▶ _EXERCISE DESCRIPTION_
Look below for the line with "Женские серьги-гвоздики из" and the line with "Het perceel waarop"; repeat exactly those two lines and all lines between them, but no pictures.

▶ _RECORDS SHOWN_
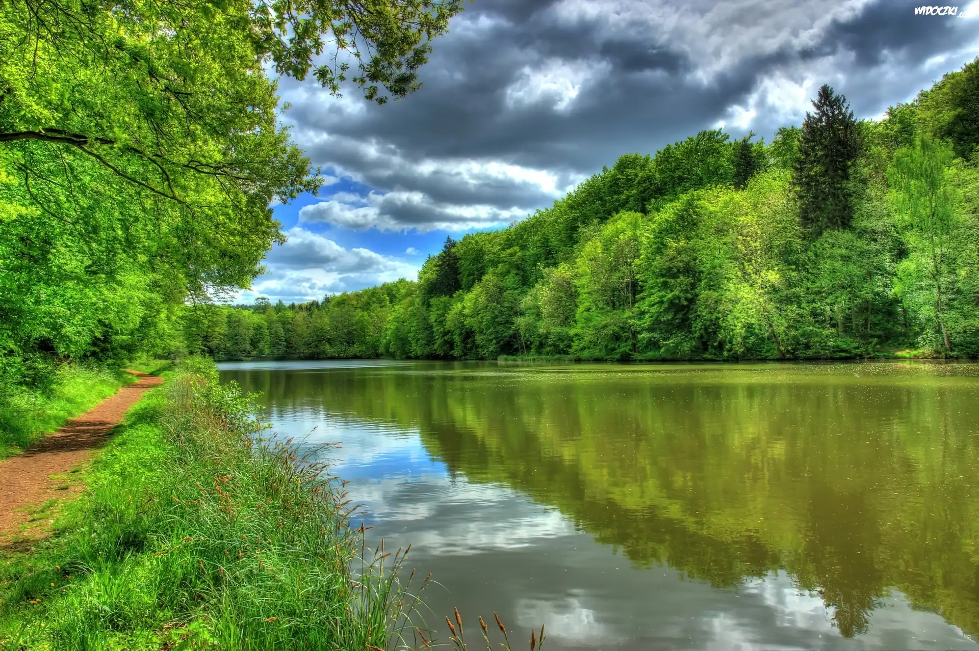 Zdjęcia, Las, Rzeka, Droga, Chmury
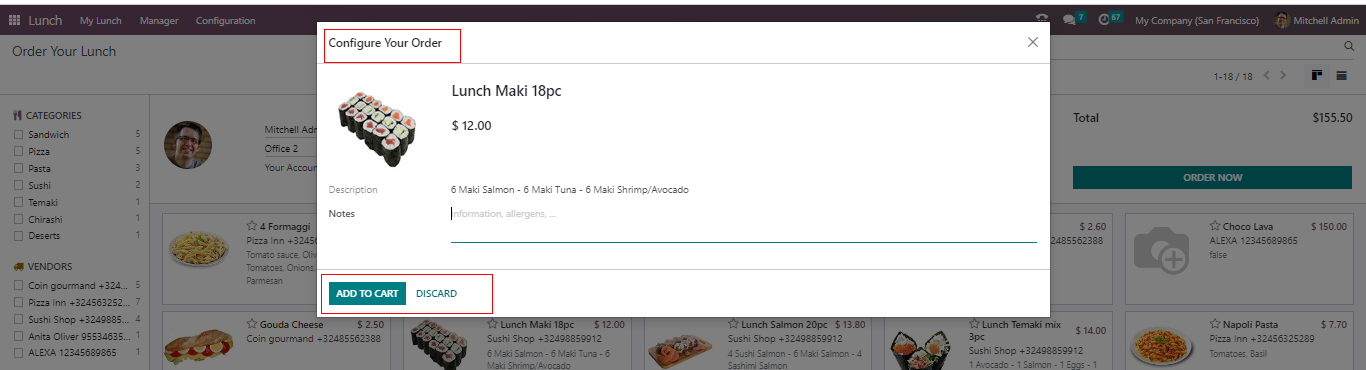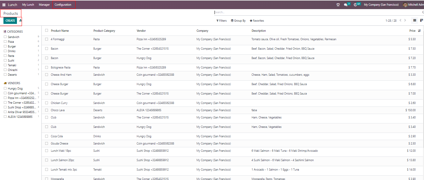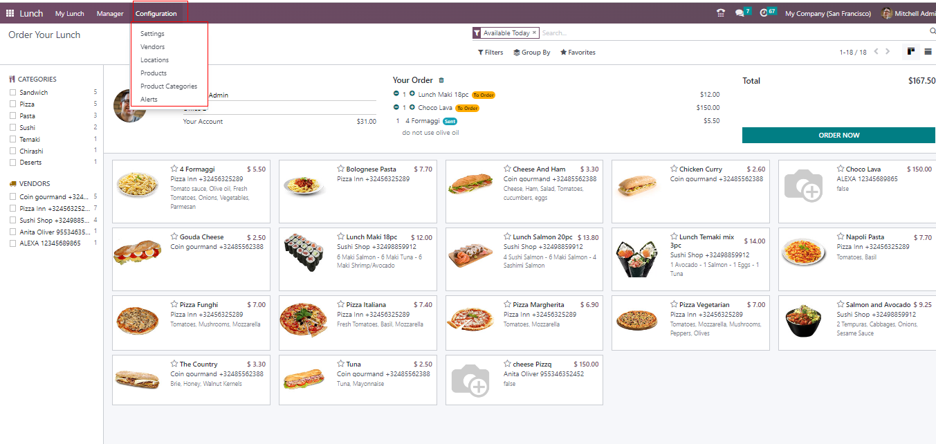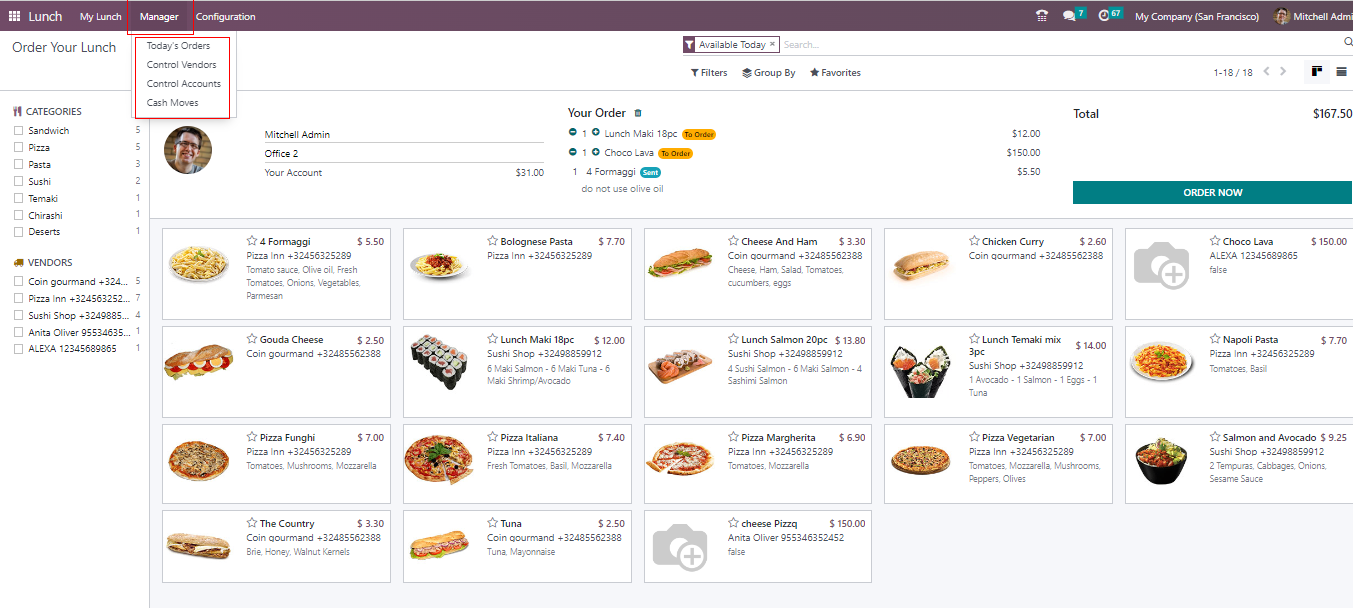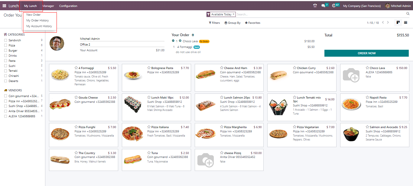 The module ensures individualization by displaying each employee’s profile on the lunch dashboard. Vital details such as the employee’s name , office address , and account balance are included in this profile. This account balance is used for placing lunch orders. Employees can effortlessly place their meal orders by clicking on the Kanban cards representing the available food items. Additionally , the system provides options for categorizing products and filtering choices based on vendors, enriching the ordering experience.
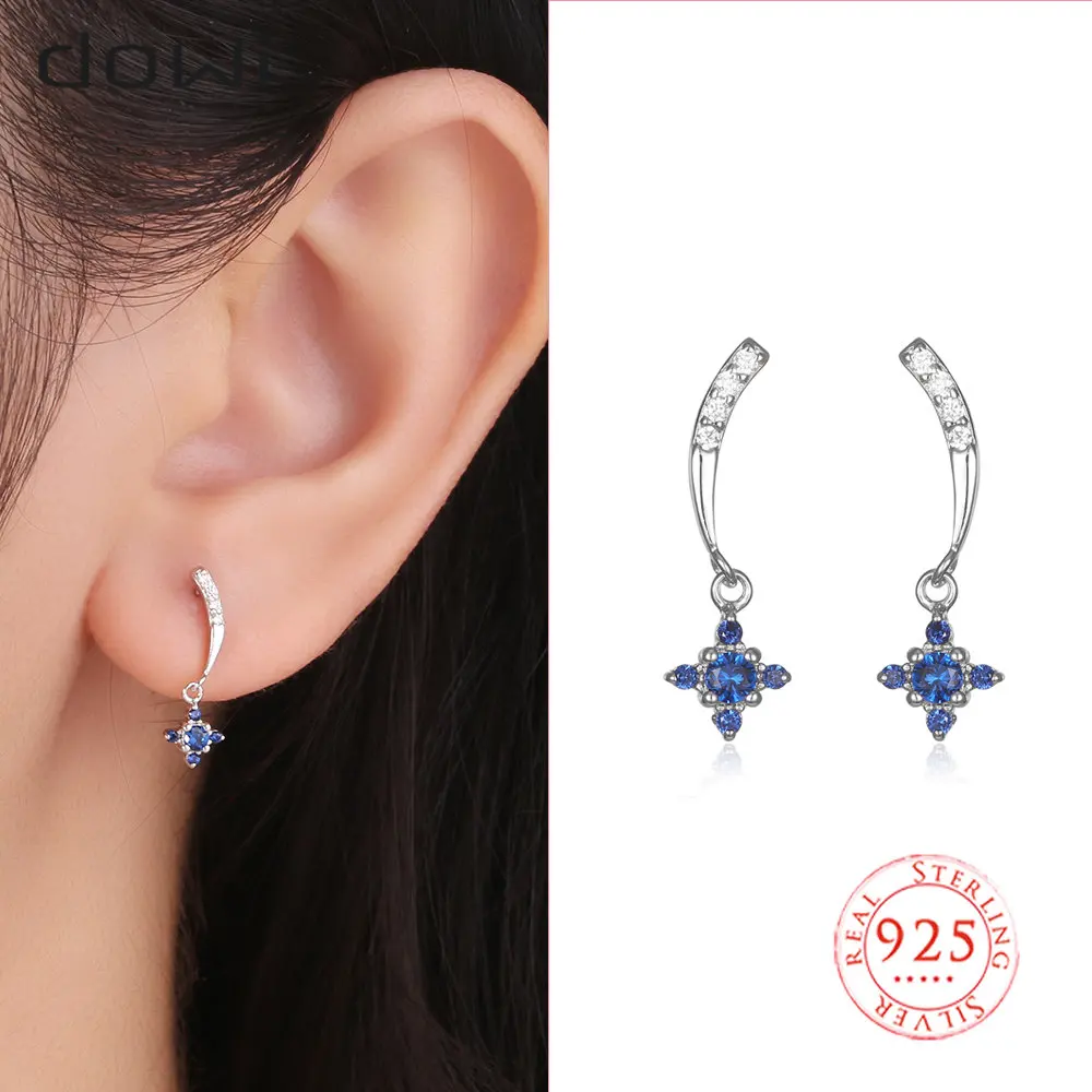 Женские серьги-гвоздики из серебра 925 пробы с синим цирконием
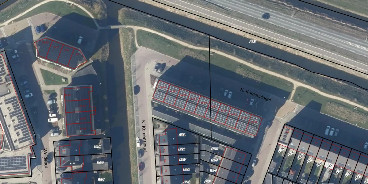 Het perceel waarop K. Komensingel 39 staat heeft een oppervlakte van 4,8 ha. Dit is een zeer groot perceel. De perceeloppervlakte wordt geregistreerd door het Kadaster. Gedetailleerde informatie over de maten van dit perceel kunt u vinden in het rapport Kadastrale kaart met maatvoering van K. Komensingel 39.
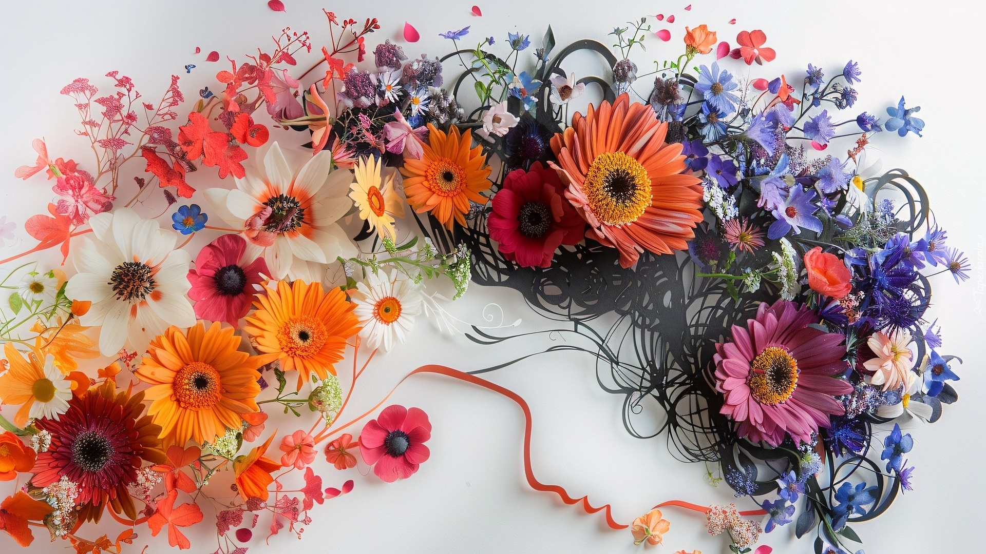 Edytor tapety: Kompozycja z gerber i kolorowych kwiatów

▶ _YOUR RESPONSE_
 Женские серьги-гвоздики из серебра 925 пробы с синим цирконием
 Het perceel waarop K. Komensingel 39 staat heeft een oppervlakte van 4,8 ha. Dit is een zeer groot perceel. De perceeloppervlakte wordt geregistreerd door het Kadaster. Gedetailleerde informatie over de maten van dit perceel kunt u vinden in het rapport Kadastrale kaart met maatvoering van K. Komensingel 39.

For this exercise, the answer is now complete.